Make an exact transcription of the data below.

===== Information given =====

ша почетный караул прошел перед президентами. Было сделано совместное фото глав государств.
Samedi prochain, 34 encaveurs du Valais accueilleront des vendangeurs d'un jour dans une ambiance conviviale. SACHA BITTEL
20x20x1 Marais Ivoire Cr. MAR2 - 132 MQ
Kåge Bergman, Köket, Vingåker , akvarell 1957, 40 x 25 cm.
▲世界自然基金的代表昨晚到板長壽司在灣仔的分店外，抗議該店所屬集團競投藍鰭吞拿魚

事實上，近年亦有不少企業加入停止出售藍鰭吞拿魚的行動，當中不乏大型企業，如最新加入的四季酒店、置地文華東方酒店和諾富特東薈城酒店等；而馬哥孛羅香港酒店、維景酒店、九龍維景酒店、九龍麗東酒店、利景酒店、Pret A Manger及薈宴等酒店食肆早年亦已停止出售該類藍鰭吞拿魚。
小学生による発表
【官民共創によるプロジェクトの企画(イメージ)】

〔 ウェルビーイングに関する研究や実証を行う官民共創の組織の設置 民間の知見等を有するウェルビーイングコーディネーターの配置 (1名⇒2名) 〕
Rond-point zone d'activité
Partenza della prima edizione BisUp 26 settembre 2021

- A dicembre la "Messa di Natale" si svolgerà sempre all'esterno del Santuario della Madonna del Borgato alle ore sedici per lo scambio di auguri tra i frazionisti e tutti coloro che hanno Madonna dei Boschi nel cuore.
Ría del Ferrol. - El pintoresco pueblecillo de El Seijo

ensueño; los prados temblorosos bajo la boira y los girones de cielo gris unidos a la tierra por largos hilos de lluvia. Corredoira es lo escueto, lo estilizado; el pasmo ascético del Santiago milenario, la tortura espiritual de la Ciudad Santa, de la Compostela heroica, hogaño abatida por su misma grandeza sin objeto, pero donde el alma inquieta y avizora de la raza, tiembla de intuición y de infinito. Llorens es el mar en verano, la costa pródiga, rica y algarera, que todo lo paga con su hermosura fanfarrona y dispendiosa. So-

=====

Expected answer
ша почетный караул прошел перед президентами. Было сделано совместное фото глав государств.
Samedi prochain, 34 encaveurs du Valais accueilleront des vendangeurs d'un jour dans une ambiance conviviale. SACHA BITTEL
20x20x1 Marais Ivoire Cr. MAR2 - 132 MQ
Kåge Bergman, Köket, Vingåker , akvarell 1957, 40 x 25 cm.
▲世界自然基金的代表昨晚到板長壽司在灣仔的分店外，抗議該店所屬集團競投藍鰭吞拿魚

事實上，近年亦有不少企業加入停止出售藍鰭吞拿魚的行動，當中不乏大型企業，如最新加入的四季酒店、置地文華東方酒店和諾富特東薈城酒店等；而馬哥孛羅香港酒店、維景酒店、九龍維景酒店、九龍麗東酒店、利景酒店、Pret A Manger及薈宴等酒店食肆早年亦已停止出售該類藍鰭吞拿魚。
小学生による発表
【官民共創によるプロジェクトの企画(イメージ)】

〔 ウェルビーイングに関する研究や実証を行う官民共創の組織の設置 民間の知見等を有するウェルビーイングコーディネーターの配置 (1名⇒2名) 〕
Rond-point zone d'activité
Partenza della prima edizione BisUp 26 settembre 2021

- A dicembre la "Messa di Natale" si svolgerà sempre all'esterno del Santuario della Madonna del Borgato alle ore sedici per lo scambio di auguri tra i frazionisti e tutti coloro che hanno Madonna dei Boschi nel cuore.
Ría del Ferrol. - El pintoresco pueblecillo de El Seijo

ensueño; los prados temblorosos bajo la boira y los girones de cielo gris unidos a la tierra por largos hilos de lluvia. Corredoira es lo escueto, lo estilizado; el pasmo ascético del Santiago milenario, la tortura espiritual de la Ciudad Santa, de la Compostela heroica, hogaño abatida por su misma grandeza sin objeto, pero donde el alma inquieta y avizora de la raza, tiembla de intuición y de infinito. Llorens es el mar en verano, la costa pródiga, rica y algarera, que todo lo paga con su hermosura fanfarrona y dispendiosa. So-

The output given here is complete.